Retinal Ganglion Cell Dysfunction in Regular Cannabis UsersIs the Evidence Strong Enough to Consider an Association?

Author Affiliations
  • 1Department of Ophthalmology and Visual Sciences, University of British Columbia, Vancouver, British Columbia, Canada
  • 2Department of Ophthalmology, British Columbia Children’s Hospital, Vancouver, British Columbia, Canada
  • 3Department of Electrophysiology, Moorfields Eye Hospital, London, United Kingdom
  • 4Institute of Ophthalmology, University College London, London, United Kingdom
JAMA Ophthalmol. 2017;135(1):60-61. doi:10.1001/jamaophthalmol.2016.4780

Cannabis is widely used, and over the last decade, this drug has been legalized in several jurisdictions. Many others are considering this change. While public information and road safety campaigns have consistently focused on alcohol, cannabis-related toxicity has been relatively neglected as a public health issue. Further, rigorous investigation of this drug is therefore timely and appropriate.

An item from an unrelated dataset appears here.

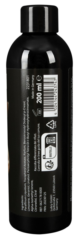 Magoon Love Fantasy erotic massage oil is enriched with jojoba oil which pampers your skin and leaves it soft to the touch. This very economical massage oil is made on the basis of paraffin oil and is therefore water-soluble and washable.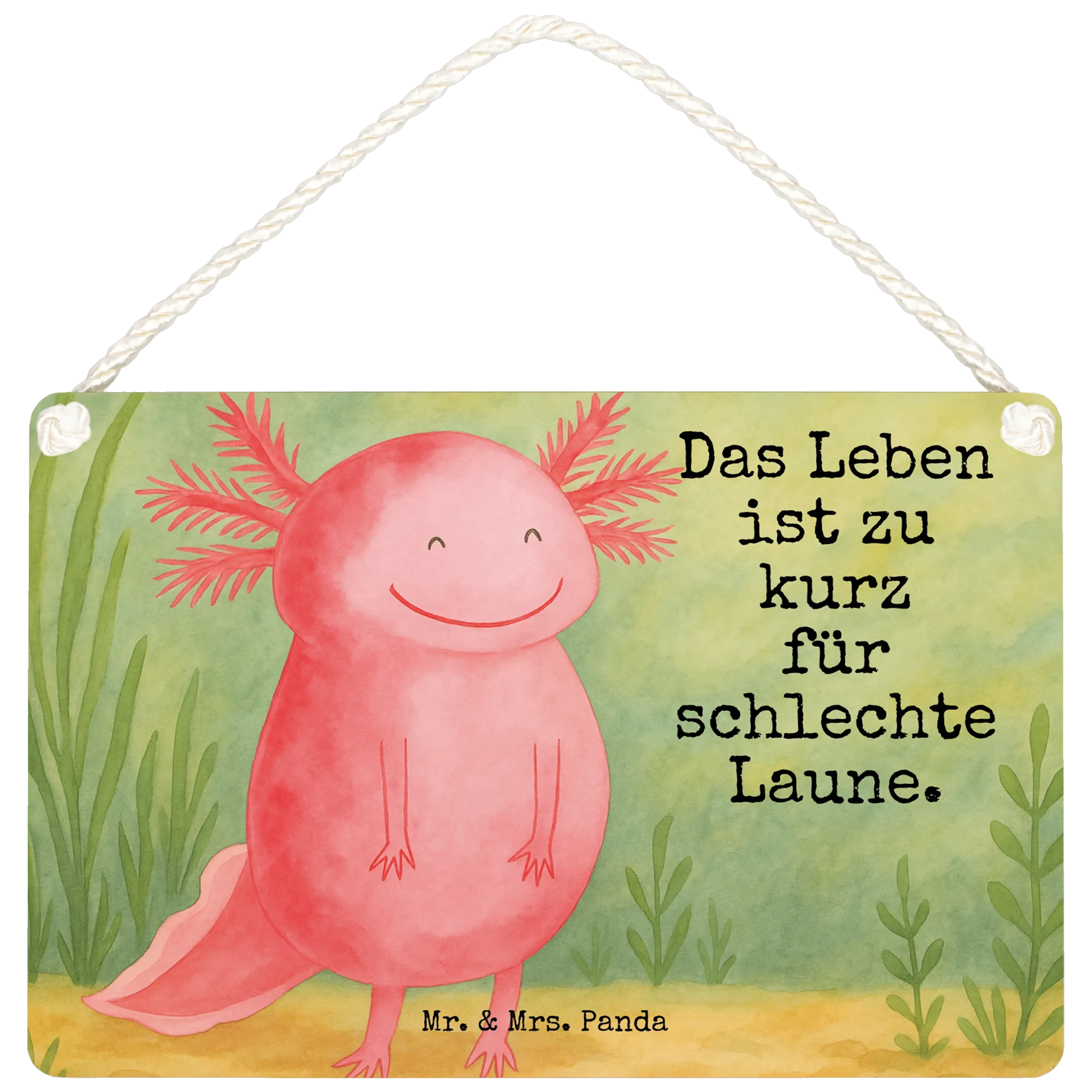 Stell dir vor, du kommst nach einem langen Tag nach Hause, öffnest die Tür und das erste, was dich begrüßt, ist das strahlende Lächeln eines glücklichen Axolotls. Unser Deko Schild Axolotl glücklich aus der exklusiven Axolotl Kollektion ist nicht einfach nur eine Wandtafel, es ist ein täglicher kleiner Lichtblick. Dieses Motiv, ein süßer und begeisterter Axolotl, der pure Lebensfreude ausstrahlt, wurde von Mrs. Panda mit viel Herzblut in Aquarell handgezeichnet. 🎨

We read with interest the study by Schwitzer et al1 in which the pattern electroretinogram (PERG) was used as a measure of retinal ganglion cell function. They conclude that regular use of cannabis is associated with a delay in the PERG N95 component and infer this represents delayed transmission of action potentials from the retina to the visual cortex. However, shortcomings in the study design, methods, and data analysis, acknowledged in part by the authors, weaken their conclusions.

The authors identified a study group of “regular cannabis users.”1 Perhaps because this drug is illegal, the amount and purity of drug consumed by each participant could not be determined. Dose delivery via inhalation is notoriously variable, depending on smoking dynamics.2 Urine screens were used as proof of tetrahydrocannabinol consumption and absence of other unspecified illicit substances, but more direct measures, such as blood concentrations, were not obtained. The authors recognized but did not consider in their analyses the possible confounding influence of tobacco,1 shown by others3 to influence electrophysiological parameters, including the PERG, multifocal ERG, and cortical pattern visual evoked potential. Other than alcohol, the long-term exposure to other drugs, diet, and lifestyle are other variables with potential effects on retinal electrophysiology.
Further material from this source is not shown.